=== Problem requirements ===
Give back exactly the lines of the material below that start at the one holding "6mm Mint w Gold" and end at the last line, minus the pictures.

(The data)

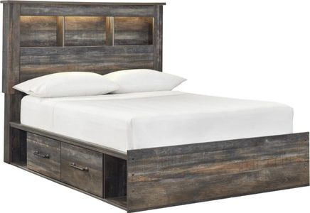 Includes bookcase headboard, footboard, 2 underbed storage units, rails and wood roll slats
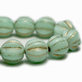 6mm Mint w Gold Wash Czech Melon Round – 25 pieces – 6443
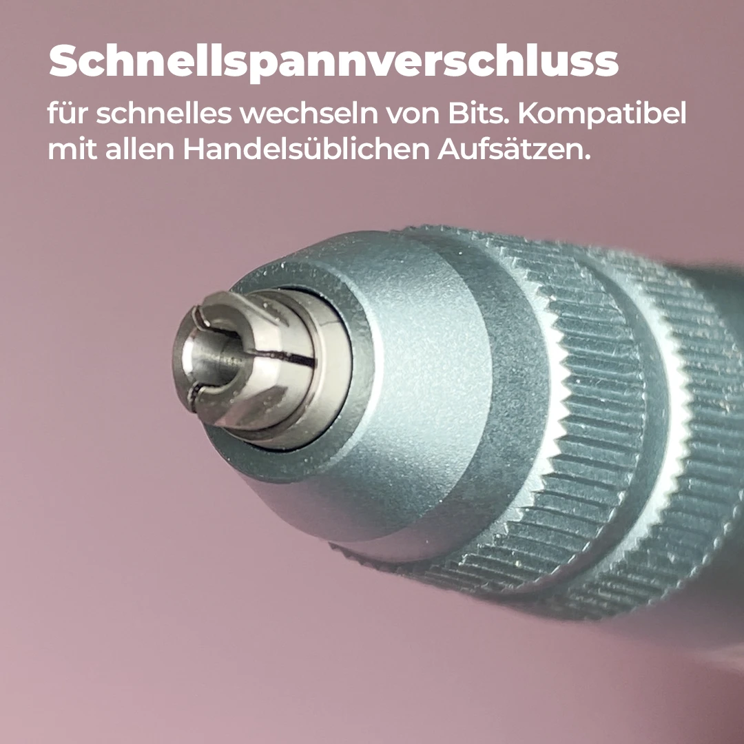 Mit dem genormten Schaftdurchmesser ist dieses Handstück mit allen handelsüblichen Bits kompatibel. Das Wechseln deiner Fräser Aufsätze klappt dank Schnellspannverschluss im Nu.

(End The data)

=== Task output ===
 6mm Mint w Gold Wash Czech Melon Round – 25 pieces – 6443
 Mit dem genormten Schaftdurchmesser ist dieses Handstück mit allen handelsüblichen Bits kompatibel. Das Wechseln deiner Fräser Aufsätze klappt dank Schnellspannverschluss im Nu.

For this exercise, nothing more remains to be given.